PALETTE: THE FINE LINE

Published October 21, 2018
The red ochre hand stencil (top centre) was made at least 39,900 years ago in Southern Sulawesi; the animal image was made 4,500 years later | Maxime Aubert
The red ochre hand stencil (top centre) was made at least 39,900 years ago in Southern Sulawesi; the animal image was made 4,500 years later | Maxime Aubert

Archaeologists investigating Blombos Cave in South Africa recently announced the discovery of nine faint red lines drawn at least 73,000 years ago on a 4cm long flake of rock. These lines are thought to be the earliest known drawing, probably a fragment of a larger work, since the strokes are cut off at the top and bottom edges of the flake. The pigment is red ochre, a mineral mixture of iron oxides in a clay or chalk matrix.

Ochre colours vary from rich reds to light yellows, depending on the amount of water bound to the iron oxides and particle size. Yellow ochre can be reddened by heating, as it drives off the bound water. Yellow and brown ochre are common constituents of modern paint sets, whether acrylic, oil, watercolour or gouache.

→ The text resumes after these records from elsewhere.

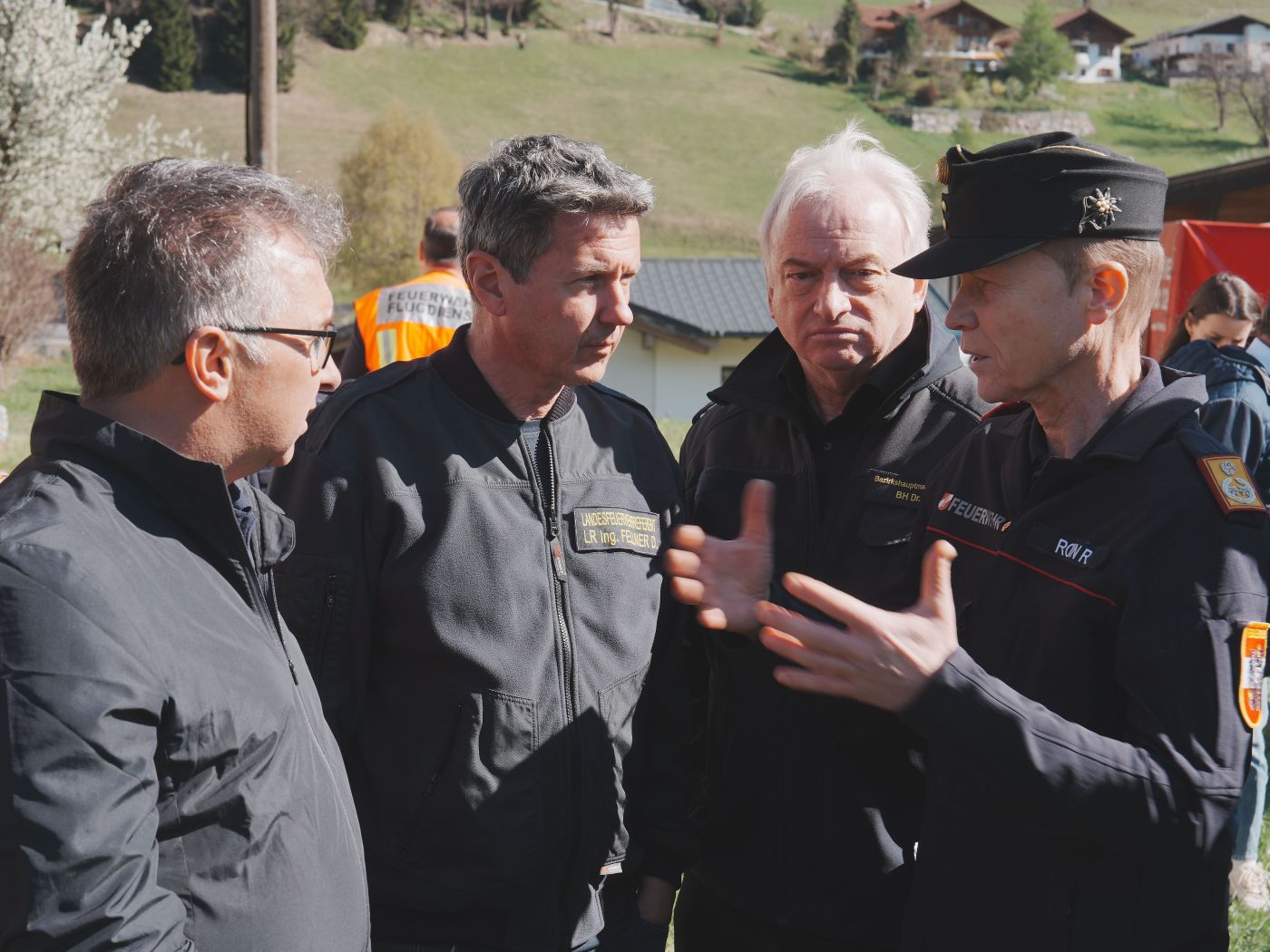 Bezirkshauptmann Pansi hob das „Konzert der Zusammenarbeit“ zwischen allen eingesetzten Kräften hervor. Neben der Feuerwehr, dem Bundesheer, der Flugpolizei und den Rettungskräften sei nun auch die Bergrettung hier, um den bald beginnenden Bodeneinsatz zu unterstützen. „Es ist uns gelungen, Gefahren für Leib und Leben abzuwehren“, so der Bezirkshauptmann, der betonte, dass es beim bisherigen Einsatz auch keine Verletzten gab. Bedarf an Hubschraubern werde man durch die enorme Größe der betroffenen Fläche weiterhin haben, das sei auch schon mit Bundesheer und Flugpolizei besprochen worden. Bisher gebe es auch kein Wasserproblem.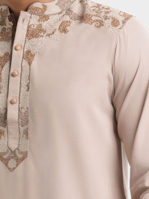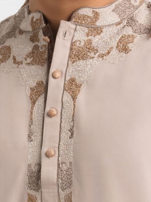 Brown Cotton Semi Fitted Panjabi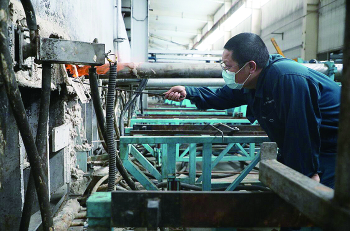 坚毅——热浪扑面而来,高温炙烤全身。在浮法玻璃厂,职工们用坚韧不拔的毅力抵抗高温的侵蚀,汗水打湿了他们一件又一件衣服,脸被烤得通红,他们却从不退缩。一块块玻璃在他们的努力下,被制作出来送往千家万户,为人们遮风挡雨。他们是坚毅的浮玻人,他们为奋斗而生。图为锡槽工观察窑内火焰状况。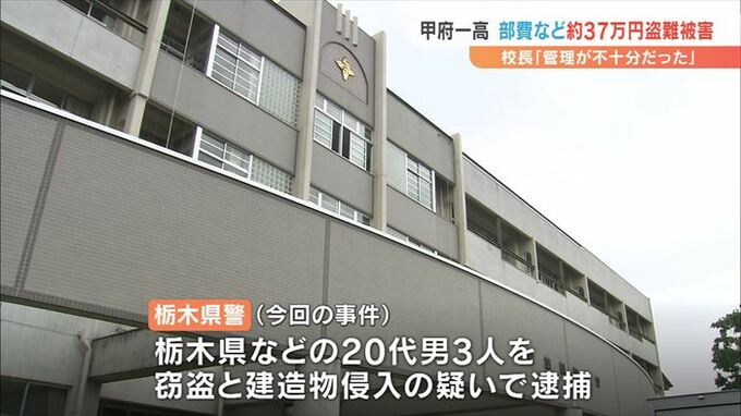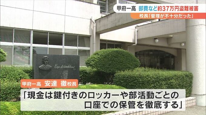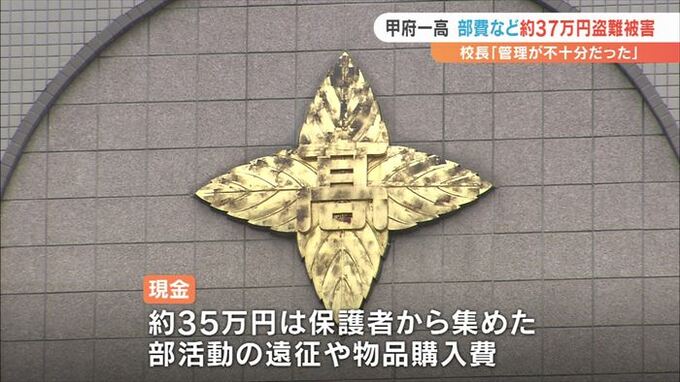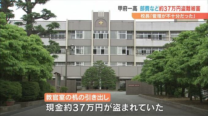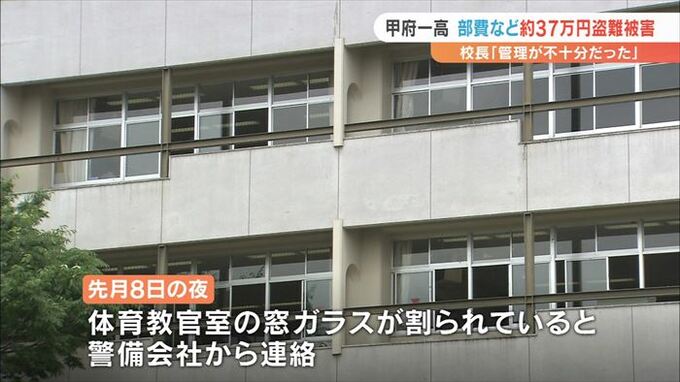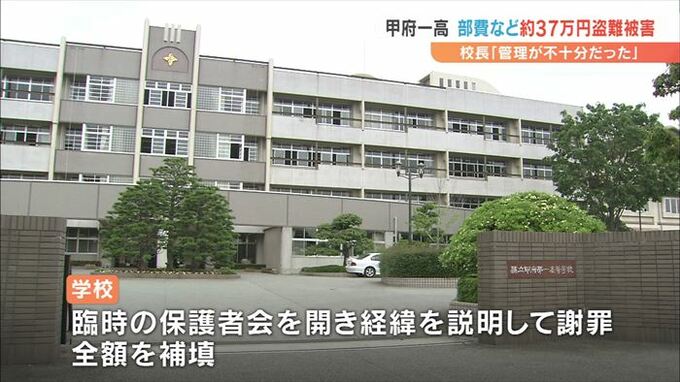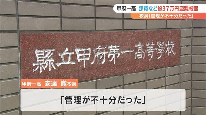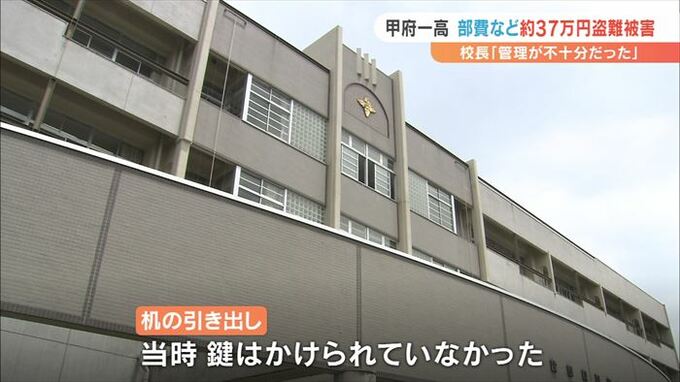 10月、甲府第一高校で、保護者から集めた部費などおよそ37万円が盗まれていたことがわかりました。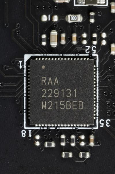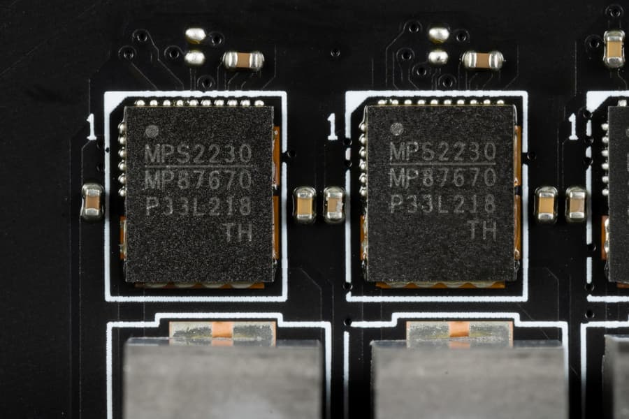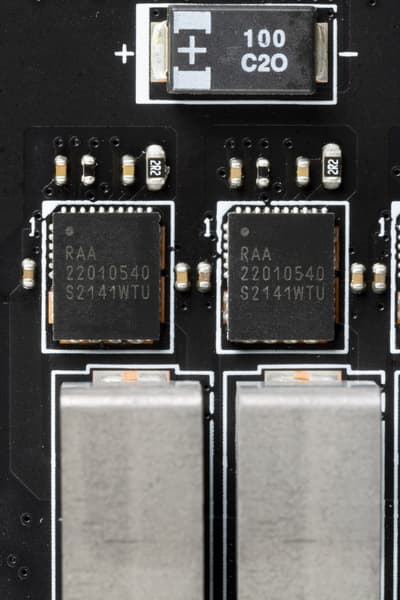 Каждый канал фазы имеет суперферритовый дроссель и RAA 22010540 MOSFET от Renesas) на 105 А.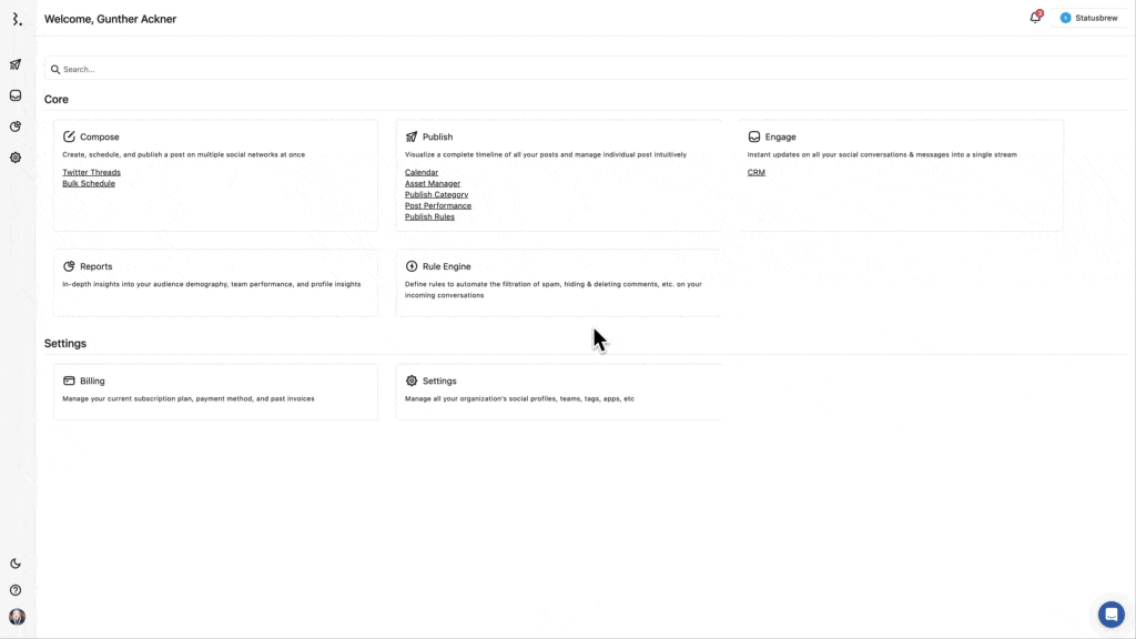 リーチ、エンゲージメントなどのソーシャルメディアの目標達成を支援するとともに、Statusbrewでは CRMとして知られている"カスタマーリレーションシップマネジメント"の内蔵されたサービスを提供しています。ソーシャルメディアのエンゲージメントプラットフォームにソーシャルCRMを直接導入することで、インバウンドリードをセグメント化することや、ソーシャルメディアマーケティングファネルを完成させること、キャンペーンを最大限に活用することに役立ちます。

While the drawing is considered remote in terms of time, it is not remote in terms of material or technique. An artist today can walk into any art shop and pick up a pencil of red chalk — powdered iron oxide and chalk pressed into a cylindrical shape. Just as an artist rotates a sheet of paper while making a sketch, attempts to recreate the design revealed that the prehistoric artist rotated the rock.

A drawing is made with dry pigment, while a painting is made with pigment dispersed in a liquid that dries. Paint goes back at least 100,000 years. Two abalone shells uncovered in Blombos Cave in 2011 were found to contain red ochre, charcoal, bone fragments and stone flakes, with telltale signs that the contents had been stirred with a liquid that evaporated long ago, indicating that the shells were mixing bowls for a dark red watercolour. To this day, painters of miniatures favour mussel shells for mixing and holding paint.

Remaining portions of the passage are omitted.